In 1951, after winning the Thunder Bay district championship, the Sioux Lookout Black Hawks hockey team from Pelican Lake Indian Residential School embarked on a whirlwind promotional tour through Ottawa and Toronto. They were accompanied by a professional photographer from the National Film Board who documented the experience. The tour was intended to demonstrate the success of the residential school system and introduce the Black Hawks to “civilizing” activities and the “benefits” of assimilating into Canadian society. For some of the boys, it was the beginning of a lifelong love of hockey; for others, it was an escape from the brutal living conditions and abuse at the residential school.
In Beyond the Rink, Alexandra Giancarlo, Janice Forsyth, and Braden Te Hiwi collaborate with three surviving team members—Kelly Bull, Chris Cromarty, and David Wesley—to share the complex legacy behind the 1951 tour photos. This book reveals the complicated role of sports in residential school histories, commemorating the team’s stellar hockey record and athletic prowess while exposing important truths about “Canada’s Game” and how it shaped ideas about the nation. By considering their past, these Survivors imagine a better way forward not just for themselves, their families, and their communities, but for Canada as a whole.
Alexandra Giancarlo is a settler scholar and an Assistant Professor in the Faculty of Kinesiology at the University of Calgary, where she applies her broad social sciences training to socio-cultural studies of sport and physical activity. The bulk of her work comprises community-engaged research with residential school survivors and their families.
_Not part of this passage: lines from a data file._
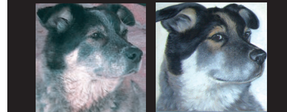
a) = Fotovorlagen b) = Öl Bild
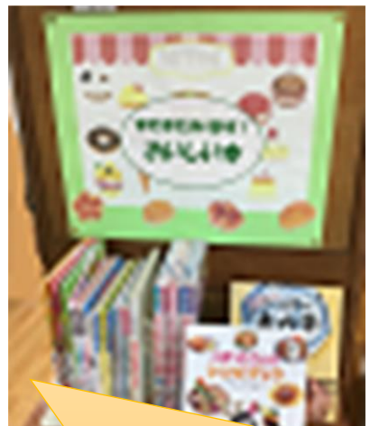
貸し出し用のおすすめ本を紹介したコーナー
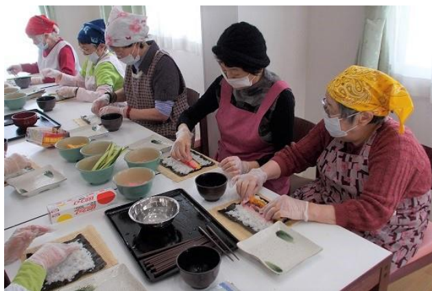
▲2月1日は恵方巻きをつくりました 季節を感じる行事にも取り組んでいきます

お部屋を訪問して、家主に時計が鳴っていることをお伝えし、音を消し止めました。家主は気づかなかつたと驚かれ、「教えてくれてありがとう」とおっしゃっていました。そんな小さな当たり前のことだったのですが、家主は他のスタッフに嬉しそうにそのことを話していたようで、こうした何気ない毎日の関わりがとても大切だと感じますし、それを“手話”で行なえる環境が何より必要だと思います。“自分を気にかけてくれている”“困ったときはすぐに頼める”とっていただくことが大切だと意識しながら、日々皆さんと関わっています。
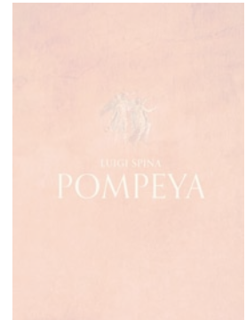
Luigi Spina Pompeya La Fábrica, Madrid, 2023 480 páginas; 150 euros
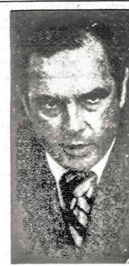
Alexander Butterfield 13 mėn. vadovavo Federalinei Aviacijos administracijai. Jis buvo tas žmogus, kuris pirmas atidengė senato Watergate komitetui, kad Baltuosiuose Rūmuose yra rakorduojami juostelės visi prezidento pasikalbėjimai. Tuo iš žymiai pagreitino prezidento Nixono pasitraukimą.

Didelį pasipiktinimą komunistų tarpe sukėlė Bonos gynybos ministro Georg Leber, socialdemokrato, straipsnis "Vietnamas ir mes". Straipsnyje jis rašo, kad vienintelė koegzistencija tarp komunizmo ir laisvo pasaulio įmanoma ten, kur komunizmas nesijaučia pakankamai stiprus primesti savo ideologiją. Perna V. Vokietijos prekyba su Sovietų Sąjunga pasiekė 3.5 bil. dol., kas yra dvigubai daugiau už 1970 m. prekybą, tačiau prekybos pagyvėjimas neatnešė nuoširdesnių santykių.
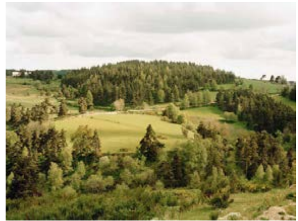
Thibaut Cuisset Série « Une campagne française » Sans titre (La Margeride, Lozère), 2010 © Thibaut Cuisset / Observatoire photographique national du paysage Galerie Les Filles du Calvaire, Paris
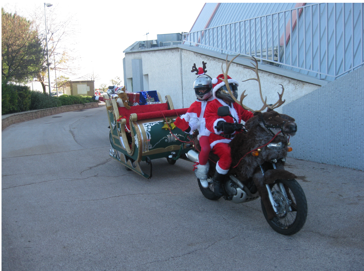
2011 premier renne et son père Noël avec le traîneau

En Décembre 2009 cinq amis motards se sont lancé un pari qu'ils croyaient fou. Parcourir les villes et villages du littoral Varois sur leur moto décorée et déguisés en Pères Noël pour les garçons et en Mères Noël pour les filles.
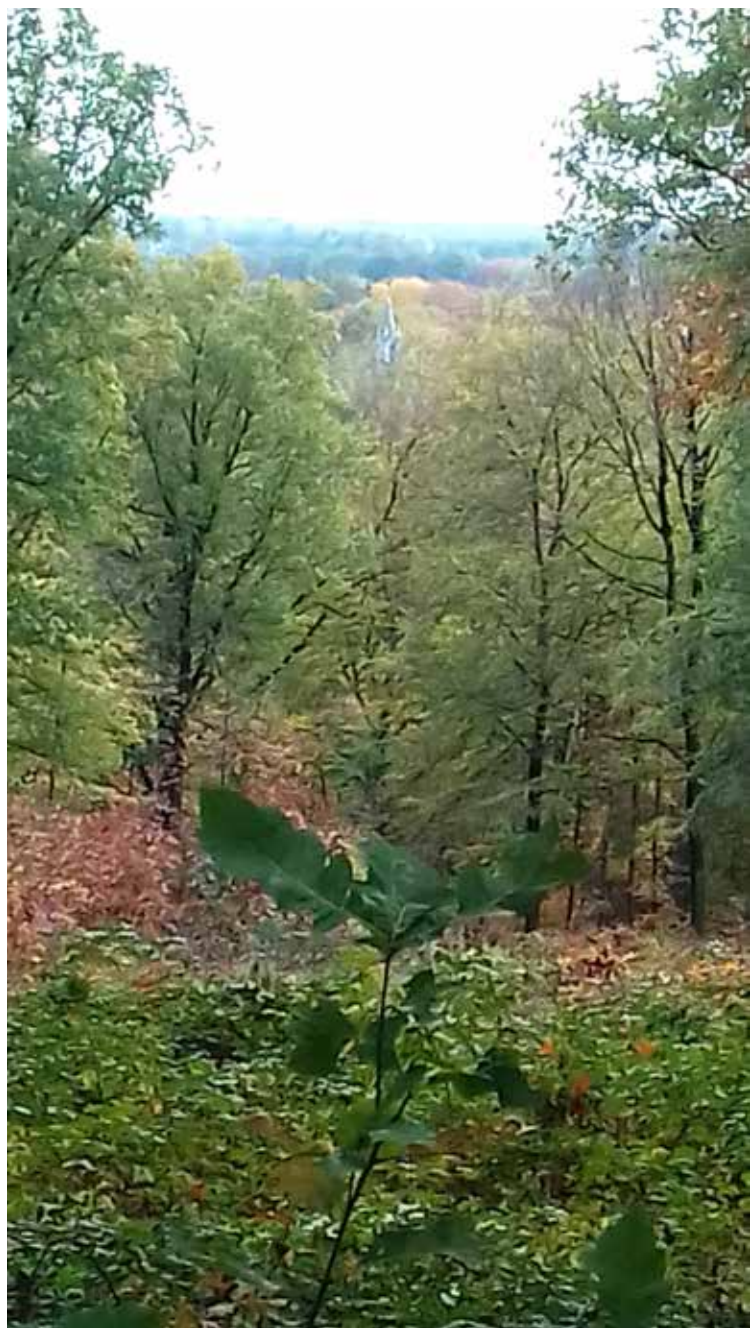
Mooie zichtlijn van Kalenberg naar kerkje in Barchem
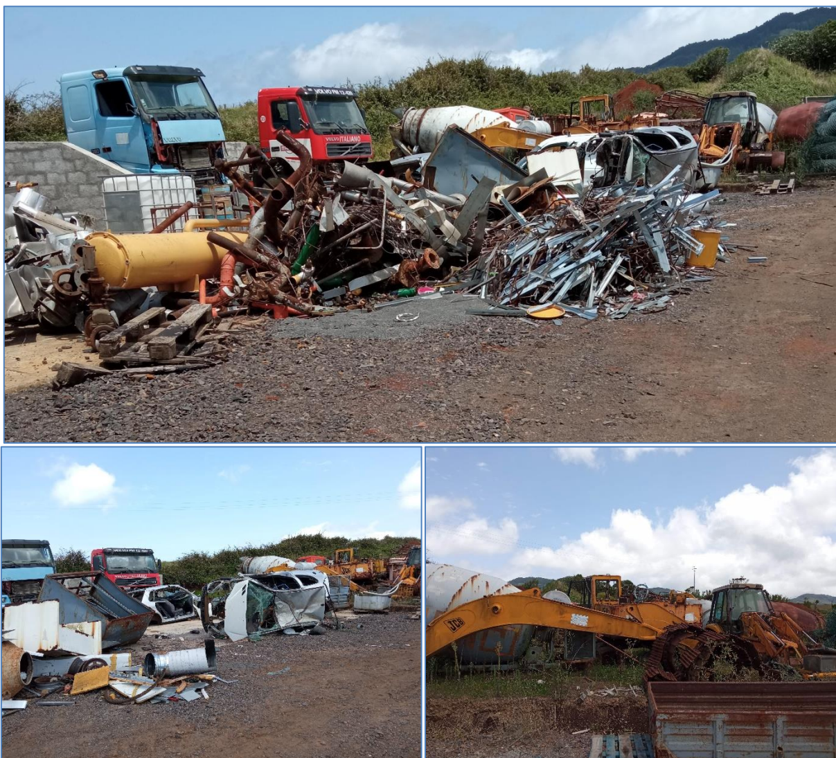
Figura 2.5: Resíduos existentes entre a zona compartimentada e a zona de deposição de inertes.
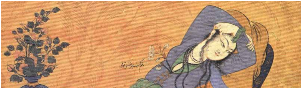
۷ رضا عباسی
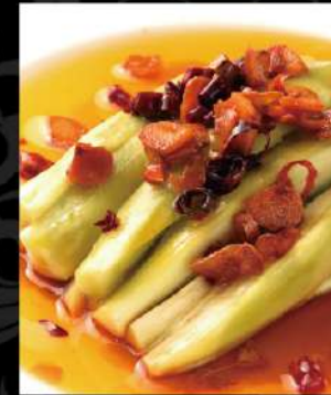
蒸し茄子の特製ソース
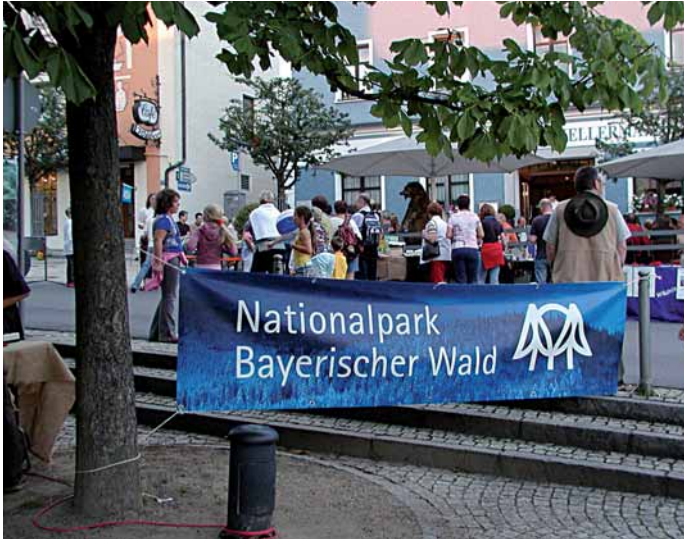
Mit der Präsentation des Nationalparks bei Veranstaltungen werden unterschiedlichste Zielgruppen erreicht
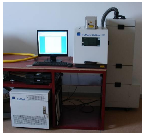
Fig. 1. Instalația de prelucrare cu laser.

Prelucrarea cu laser a probelor din aliaje FeCrAl s-a realizat cu ajutorul unui ECHIPAMENT DE GRAVARE CU LASER Nd: YAG - TruMark STATION 1000, TRUMPF din dotarea firmei Optoelectronica (fig. 1).
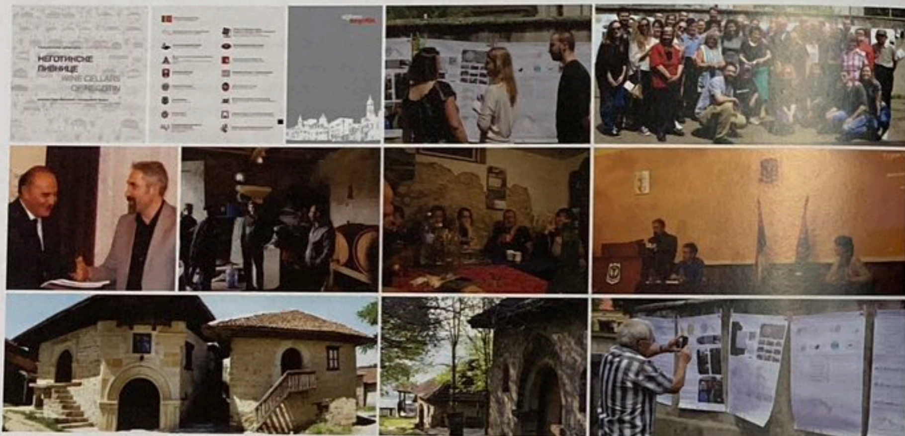
Слика 04: Досије Неготин

У периоду од 2020 до 2022 дошло је до разумљивог застоја у пројекту и активностима због ванредних услова пандемије COVID-а, али од 2022 године пројекат поново оживљава у правцу постизања неколико циљева будуће сарадње. Пружање "смерница" за стварање стратегија за оживљавање привреде у овој области је свеукупни циљ. Ревитализација винских подрума, који имају највећу културну и историјску вредност, али и највећу економску вредност, кроз различите стратегије и пројекте урбаног дизајна, може бити први и најважнији корак урбане обнове руралних подручја Општине Неготин.
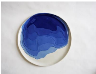
Blue Ressac , Goliath Dyèvre, IDE TO POLAND © IDE
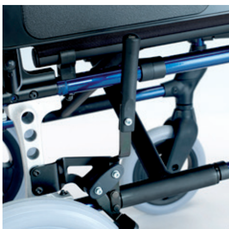
Alargador de freno
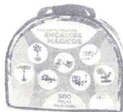
Anexo empresa Service (RECORRENTE)

CONJUNTO CRIATIVO ENCAIXES MÁGICOS - CONJUNTO COM 500 PEÇAS CONFECCIONADAS EM PLÁSTICO POLIPROPILENO ATÓXICO DE ALTO BRILHO E CORES VIVAS. APRESENTA DIVERSOS ENCAIXES, NOS FORMATOS: ES TRELA COM SEIS PONTAS ARREDONDADAS, PINO COM TRÊS PONTAS ARREDONDADAS, PINO COM DUAS PONTAS ARREDONDADAS, PINO TRIPLO COM SETE PONTAS ARREDONDADAS E ANEL COM SEIS ENCAIXES. ACONDICIONADO EM SACOLA DE PVC CRISTAL COM ZIPER E ALÇA.
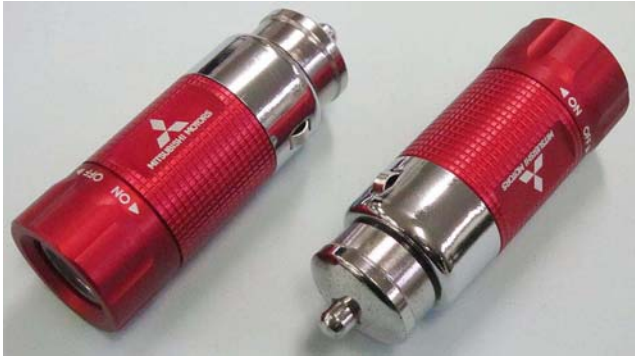
(三菱純正リチャージブル LED ライト外観形状)
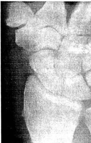
Slika 2: Isti primer, tokrat posnet z nagibom rentgenske cevi za cca 35°. Ker potekajo žarki bolj vzporeno s prelomno črto, je zlom očitnejši.
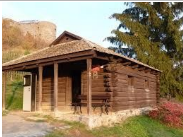
Petőfi kunyhó kívülről

Helyszínrajz és fotók a meglévő állapotról:
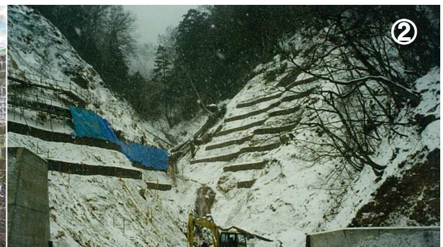
② 青森県) むつ土木事務所【新湯川】 ネックス (NEX) 柵工
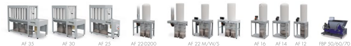
Grupos de aspiración & briquetadoras
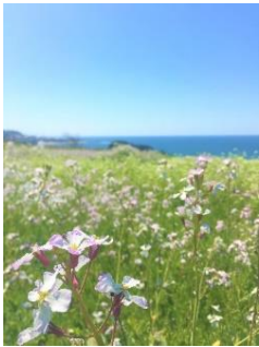
大成古墳群の浜大根
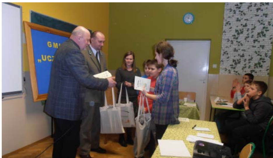
Uroczyste rozdanie nagród

Wszystkim uczestnikom życzymy dalszych sukcesów.
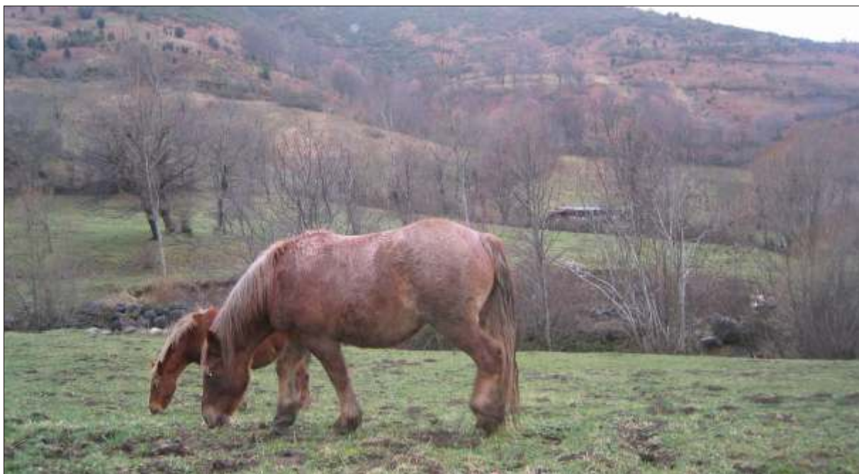
Caballo hispano bretón en los pastos de Omaña

dero ante las dudas de algunas pruebas, fondos para indemnización y reposición y sobre todo facilidad para mover animales de explotaciones positivas a cabañeros no calificados. Gracias a ASAJA la zona de Riaño está bajo un Plan Especial para la lucha contra la tuberculosis que trata de minimizar los efectos de esta enfermedad en las cabañas ganaderas.
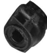
Código: 60092 Modelo: 206 Nafta Nº Original: 5094-810 Buje barra estabilizadora ø 17 mm
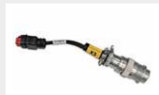
连接线 连接线接口允许即插即用连接到市面上多数的滑移装载机
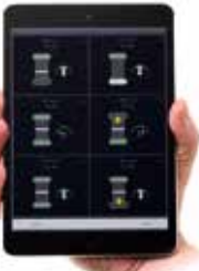
複数の受講生の手技の概要を表示する Instructorアプリ
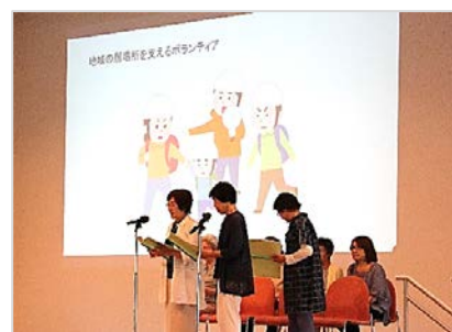
〔ボランティアフォーラム2017〕

Janice Forsyth, member of the Fisher River Cree Nation, is a Professor of Indigenous Land-Based Physical Culture and Wellness in the Faculty of Education, School of Kinesiology, at the University of British Columbia. She is the author of Reclaiming Tom Longboat: Indigenous Self-Determination in Canadian Sport (2020).
Braden Te Hiwi is from Ngāti Tūkorehe and Ngāti Kauwhata, which are two communities from Te-Ika-a-Māui in Aotearoa (New Zealand). Currently he supports Māori language revitalization in Aotearoa and has previously published in the areas of Indigenous health, physical activity, and history in Canada.